Godbout, tout comme MacKenzie King, choisit lucidement et courageusement d’appuyer sans réserve et dès la première heure le camp de la démocratie dans sa lutte résolue contre la barbarie nazie. Godbout se battit pour la France libre de De Gaulle, rejetant celle de Pétain à l’antisémitisme rampant, tournée vers le passé et la collaboration avec les nazis que louangent alors ici les Chanoine Groulx et Georges Pelletier, directeur du Devoir de l’époque. Peu d’intellectuels auront le courage d’affronter comme Godbout la mafia cléricale et le discours nationaliste de l’époque. Jean-Charles Harvey au journal Le Jour et Jean-Louis Gagnon au journal Le Canada feront notamment preuve d’une telle force morale. Eux aussi ont été évacués de notre mémoire historique par les nationalistes.

Godbout avait pourtant ouvert la voie de l’émancipation du peuple canadien-français et mérite sans conteste le titre de véritable précurseur de la Révolution tranquille. Godbout a notamment fondé, est-ce nécessaire de le rappeler, l’Hydro-Québec ; il a établi le droit de vote des femmes et a instauré l’instruction publique gratuite, universelle et obligatoire. Ayant étudié à l’étranger, il connaissait l’importance du savoir et appuya sans réserve l’idée voulant que toute émancipation passe d’abord et avant tout par la connaissance. Pour cette raison, il soutint la construction de l’Université de Montréal.
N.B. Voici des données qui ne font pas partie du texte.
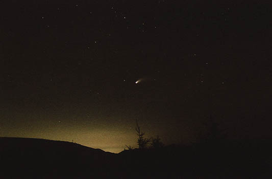 撮影時刻は1997年4月1日午後6時50分ごろ。 撮影地は長野県霧ヶ峰。 カメラはニコンF4、レンズは24ミリ、フィルムは富士スーパーG800、露光時間30秒、絞り2.8(解放)。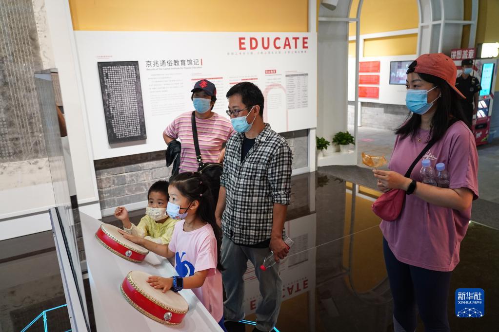 8月28日,兒童在北京鼓樓一層體驗擊鼓。

Il appuya aussi l’amendement constitutionnel qui verra la naissance de l’assurance-chômage et des allocations familiales, que les provinces n’avaient pas les moyens d’offrir après la Crise de 1929 et dont Duplessis ne voulait pas pour des raisons idéologiques purement rétrogrades. Ce geste pourtant progressiste et nullement « anti-Québec » de Godbout lui vaudra aussi malheureusement l’odieuse calomnie de « vassal »...

Pour battre Godbout, Duplessis jouera la carte de la conscription et de l’autonomie provinciale « bafouée », et ce, au grand plaisir de l’Ordre de Jacques Cartier. Il devra aussi tricher en attisant la xénophobie.

Alors, comment expliquer l’empressement de René Lévesque à élever une statue à Duplessis à Québec après sa prise du pouvoir en 1976 ? Ou encore pourquoi Bernard Landry a-t-il calomnié Godbout durant la dernière campagne électorale provinciale, le traitant à mots à peine couverts de « collaborateur » ? Pourtant, le bilan réel de Godbout, lorsqu’on fait fi de la calomnie, est bel et bien digne d’être revendiqué par tout politicien d’esprit noble et humaniste.

Aujourd’hui encore, malheureusement, on continue d’occulter la mémoire de Godbout, lorsqu’on ne la traîne pas tout simplement dans la boue. C’est que le discours indépendantiste continue dans sa voie réductrice et passéiste, s’ancrant de façon complaisante dans sa culture de victime tournée vers le passé plutôt que sur celle de bâtisseur tourné vers l’avenir. En fait, force est de constater que le silence autour de la mémoire de Godbout démontre à l’évidence que le discours indépendantiste est encore, à ce jour, obnubilé par la vision rétrograde des leaders cléricaux et nationalistes qui favorisa la pérennité du duplessisme.

Si donc les leaders indépendantistes ne le font pas, l’histoire, elle, a le devoir de corriger cette troublante amnésie sur Godbout, en éliminant une fois pour toutes les idées reçues à son sujet, pour reprendre l’expression du cinéaste Jacques Godbout, son petit neveu, qui lui a d’ailleurs consacré un documentaire, intitulé « Traître ou Patriote », qui rectifie brillamment les faits. Chaque démocrate québécois devrait avoir pour souhait le plus cher que ce 50e anniversaire de la mort d’Adélard Godbout marque résolument le début irréversible d’une réappropriation collective de l’héritage légué au Québec par ce Juste.